■ **Work request**:
Through the line with "Μπλούζα με παγιέτες" and starting from the first line, return the records below word for word, with pictures left out.

■ **Material shown**:
━━━━━━━━
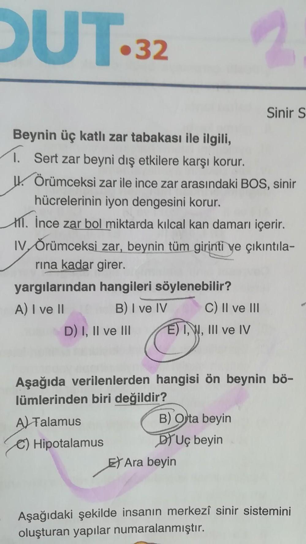 OUT:32 Sinir S. Beynin üç katlı zar tabakası ile ilgili, 1. Sert zar beyni dış etkilere karşı korur. Örümceksi zar ile ince zar arasındaki BOS, sinir hücrelerinin iyon dengesini korur. 111. İnce zar bol miktarda kılcal kan damarı içerir. IV. Örümceksi zar, beynin tüm girinti ye çıkıntıla- rina kadar girer. yargılarından hangileri söylenebilir? A) I ve 11 B) I ve IV C) II ve III D) I, II ve III E) I, III ve IV Aşağıda verilenlerden hangisi ön beynin bö- lümlerinden biri değildir? Al Talamus B) Ota beyin C) Hipotalamus DUç beyin E) Ara beyin Aşağıdaki şekilde insanın merkezi sinir sistemini oluşturan yapılar numaralanmıştır.
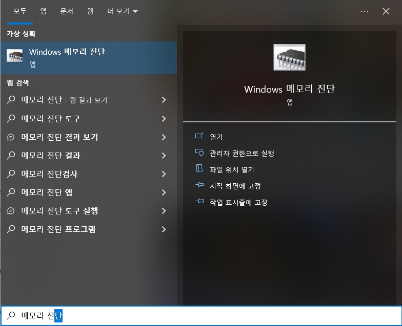 윈도우 검색에서 Windows 메모리 진단을 검색하면 아래 사진처럼 메모리 진단 프로그램이 나옵니다. 이것만 클릭하면 간단하게 메모리 진단을 할 수 있어요.
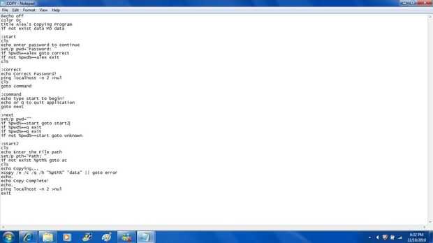 XCOPY/e/c/q/h "% de pth" "datos" || Goto error - intenta copiar el archivo de ruta de acceso o salidas de programa
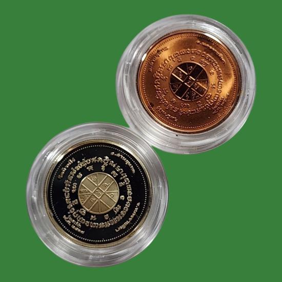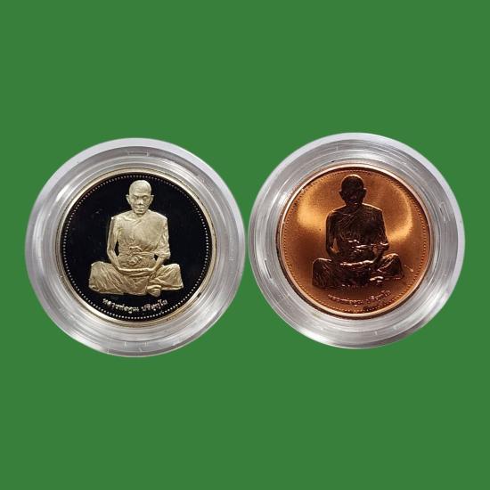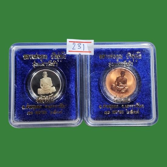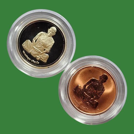 หลวงพ่อคูณ วัดบ้านไร่ รุ่นเสาร์ห้า พ.ศ.2537 เนื้อเงินขัดเงา + ทองแดงขัดเงา สภาพสวยตามรูป 2 องค์ |
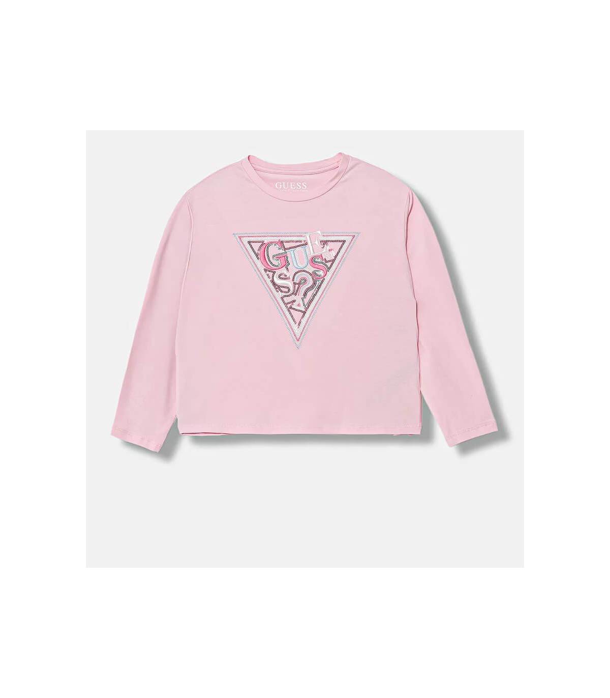 Μπλούζα με παγιέτες Guess μακό μακρυμάνικη ροζ
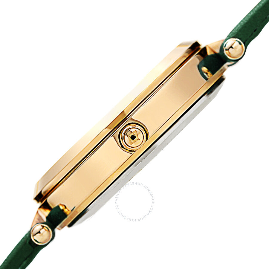 Gold-tone composite metal case with a green leather strap. Fixed gold-tone composite metal bezel. White (mother of pearl center) dial with gold-tone sword-shaped hands. A single diamond is set at the 12 o'clock position. Dial Type: Analog. Quartz movement. Scratch resistant mineral crystal. Pull / push crown. Solid case back. Round case shape. Case size: 34 mm. Case thickness: 8.8 mm. Band width: 16 mm. Band length: 7.5 inches. Tang clasp. Water resistant at 30 meters / 100 feet. Functions: hour, minute. Fashion watch style. Akribos XXIV Quartz Diamond White Dial Ladies Watch AK1069GN.
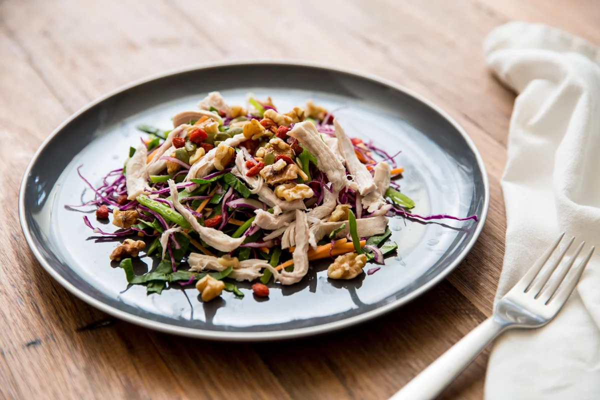 This salad is perfect for warmer weather and easy to whip up and take for lunches. I will often make a batch, keep it separate from the dressing and it will last a few days. What love about this salad is not only that it tastes great but it is full of texture with so many crisp vegetables, shredded chicken, soft sun dried tomatoes, crunchy walnuts and then a creamy dressing. It also looks fantastic with so many bright colours so you can be sure your getting a good mix anti-oxidants and micronutrients. If you are someone with a sensitive tummy or digestive system then try light steaming the veg as an all raw meal for you is not the way to go.
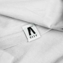 Velké kontrastní logo na přední straně upozorňuje na minimalistický tvar
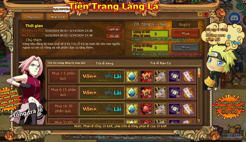 Người chơi căn cứ số phần mua Quỹ mỗi ngày nhận 1 lần Quỹ thưởng trả lễ , trả lễ bao gồm trả lễ vàng và đạo cụ
━━━━━━━━
■ **Exercise response**:
 OUT:32 Sinir S. Beynin üç katlı zar tabakası ile ilgili, 1. Sert zar beyni dış etkilere karşı korur. Örümceksi zar ile ince zar arasındaki BOS, sinir hücrelerinin iyon dengesini korur. 111. İnce zar bol miktarda kılcal kan damarı içerir. IV. Örümceksi zar, beynin tüm girinti ye çıkıntıla- rina kadar girer. yargılarından hangileri söylenebilir? A) I ve 11 B) I ve IV C) II ve III D) I, II ve III E) I, III ve IV Aşağıda verilenlerden hangisi ön beynin bö- lümlerinden biri değildir? Al Talamus B) Ota beyin C) Hipotalamus DUç beyin E) Ara beyin Aşağıdaki şekilde insanın merkezi sinir sistemini oluşturan yapılar numaralanmıştır.
 윈도우 검색에서 Windows 메모리 진단을 검색하면 아래 사진처럼 메모리 진단 프로그램이 나옵니다. 이것만 클릭하면 간단하게 메모리 진단을 할 수 있어요.
 XCOPY/e/c/q/h "% de pth" "datos" || Goto error - intenta copiar el archivo de ruta de acceso o salidas de programa
 หลวงพ่อคูณ วัดบ้านไร่ รุ่นเสาร์ห้า พ.ศ.2537 เนื้อเงินขัดเงา + ทองแดงขัดเงา สภาพสวยตามรูป 2 องค์ |
 Μπλούζα με παγιέτες Guess μακό μακρυμάνικη ροζ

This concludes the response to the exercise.